Медведь, негодуя, что Фрейд все еще не показывается, схватил звонок со стойки и запустил им через все фойе; звонок с огромной силой врезался в дверь — звук был такой, словно молот с размаху угодил в органную трубку.
— Слышу, слышу! — кричал Фрейд. — Господи Иисусе! Это ты?

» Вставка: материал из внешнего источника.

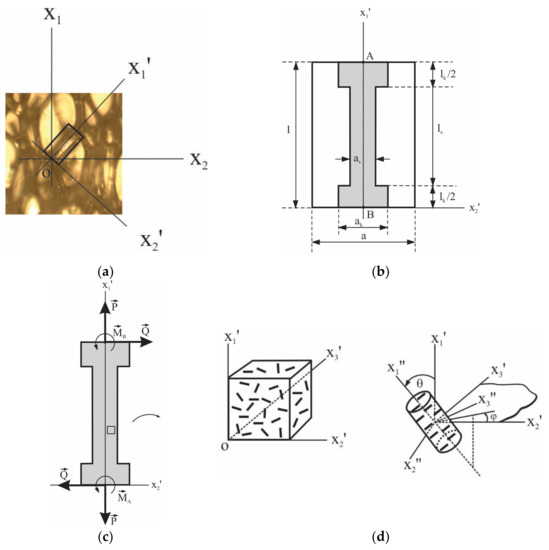 Highly porous cellular plastic: (a) Micrography showing the reticulated morphology of foams and global (i.e., foam) and local (strut) coordinate systems; (b) Schematic of the structural element comprising the load-carrying element (gray); (c) Schematic of the load-carrying element showing the loads applied to it; (d) Calculation element for estimation of stiffness tensor of the nanoplatelet-filled material of load-carrying element.

Он вышел из комнаты с распростертыми объятиями — с виду он был не менее странным, чем медведь. Тут-то мы, дети, поняли, что свое «Господи Иисусе!» отец перенял у Фрейда, и, может быть, особенно поразил нас контраст между этой новостью и внешностью Фрейда: тело Фрейда ничем не походило на атлетическое тело отца — ни формами, ни статью. Если бы Фриц разрешил своим карликам голосовать, Фрейда приняли бы в их цирк: он был только чуть-чуть покрупнее. Его тело, как болезнью, казалось поражено краткой историей своей былой силы; теперь оно было просто плотным и компактным. Черная шевелюра, о которой нам рассказывали, сделалась белой и пушистой, как волоски, окаймляющие кукурузный початок. Фрейд опирался на трость, напоминающую дубинку, что-то вроде бейсбольной биты; как мы поняли позже, это и была бейсбольная бита. Странный клок волос, росший у него на щеке, так и остался размером с мелкую монету, но посерел, сделался цвета тротуара — неприметного и запущенного цвета городских улиц. Но главное (в том, как постарел Фрейд) — это что он ослеп.
— Это ты? — воззвал Фрейд с другого конца фойе, обращаясь не к отцу, а к старому железному столбу, от которого начинались лестничные перила.